Start of Block

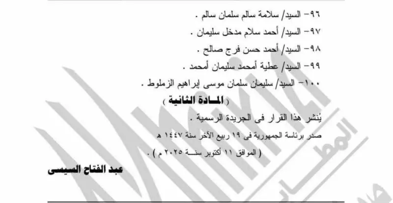 جاء ذلك وفق القرار الجمهوري المنشور في الجريدة الرسمية برقم 575 لسنة 2025.
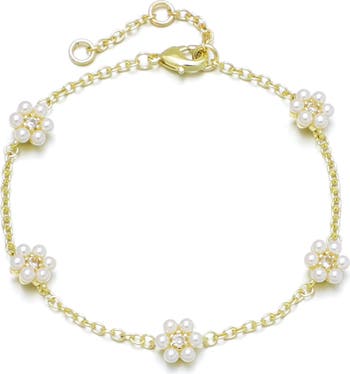 Lustrous faux-pearl and crystal flower stations bring romantic shine to this dainty bracelet plated in warm 14-karat yellow gold.
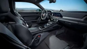 در داخل، تغییرات زیادی در 911 کاررا جدید مشاهده می شود، اما GT3 به جای استارت دکمه ای، یک سوئیچ احتراق را حفظ می کند. طراحی جدیدی از صندلیهای سطلی فیبر کربنی با پشتی تاشو و گرمکن اختیاری وجود دارد و در GT3 Touring، میتوانید برای اولین بار در هر GT3 صندلیهای عقب را انتخاب کنید.
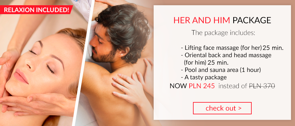Lifting face massage (for her) is an extremely relaxing cosmetic procedure covering the face, neck, cleavage, shoulders and nape. It stimulates the smoothing of wrinkles under the eyes and around the forehead, paranasal folds, lip folds. Oriental back and head massage (for him) is a wonderful moment of relaxation for relieving tense muscles of the back and head. Take advantage of the Her and Him package at Studio Sante.
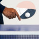 O design minimalista e moderno que representa cora bloco da cor do rosa, do branco e dos azuis marinhos.
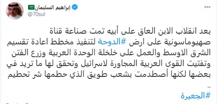 وقال في تغريدة عبر "تويتر" رصدها "المشهد العربي": "بعد انقلاب الابن العاق على أبيه تمت صناعة قناة صهيوماسونية على أرض الدوحة لتنفيذ مخطط إعادة تقسيم الشرق الأوسط والعمل على خلخلة الوحدة العربية وزرع الفتن وتفتيت القوى العربية المجاورة لإسرائيل وتحقق لها ما تريد في بعضها لكنها اصطدمت بشعب طويق الذي حطمها شر تحطيم".
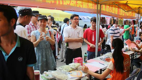 5月13-16日,德赢第十三届大学生文化艺术节之2013年大学生“创业街”活动在生活区学生公寓1-8栋前隆重举行。活动期间,学生处、校团委相关负责人、老师及各院系师生深入创业街现场感受创业的激情,享受“淘宝”的快乐。

End of Block

* [Exercise]
Transcribe the whole listing above exactly and leave out the pictures.

* [Answer for this exercise]
 جاء ذلك وفق القرار الجمهوري المنشور في الجريدة الرسمية برقم 575 لسنة 2025.
 Lustrous faux-pearl and crystal flower stations bring romantic shine to this dainty bracelet plated in warm 14-karat yellow gold.
 در داخل، تغییرات زیادی در 911 کاررا جدید مشاهده می شود، اما GT3 به جای استارت دکمه ای، یک سوئیچ احتراق را حفظ می کند. طراحی جدیدی از صندلیهای سطلی فیبر کربنی با پشتی تاشو و گرمکن اختیاری وجود دارد و در GT3 Touring، میتوانید برای اولین بار در هر GT3 صندلیهای عقب را انتخاب کنید.
Lifting face massage (for her) is an extremely relaxing cosmetic procedure covering the face, neck, cleavage, shoulders and nape. It stimulates the smoothing of wrinkles under the eyes and around the forehead, paranasal folds, lip folds. Oriental back and head massage (for him) is a wonderful moment of relaxation for relieving tense muscles of the back and head. Take advantage of the Her and Him package at Studio Sante.
 O design minimalista e moderno que representa cora bloco da cor do rosa, do branco e dos azuis marinhos.
 وقال في تغريدة عبر "تويتر" رصدها "المشهد العربي": "بعد انقلاب الابن العاق على أبيه تمت صناعة قناة صهيوماسونية على أرض الدوحة لتنفيذ مخطط إعادة تقسيم الشرق الأوسط والعمل على خلخلة الوحدة العربية وزرع الفتن وتفتيت القوى العربية المجاورة لإسرائيل وتحقق لها ما تريد في بعضها لكنها اصطدمت بشعب طويق الذي حطمها شر تحطيم".
 5月13-16日,德赢第十三届大学生文化艺术节之2013年大学生“创业街”活动在生活区学生公寓1-8栋前隆重举行。活动期间,学生处、校团委相关负责人、老师及各院系师生深入创业街现场感受创业的激情,享受“淘宝”的快乐。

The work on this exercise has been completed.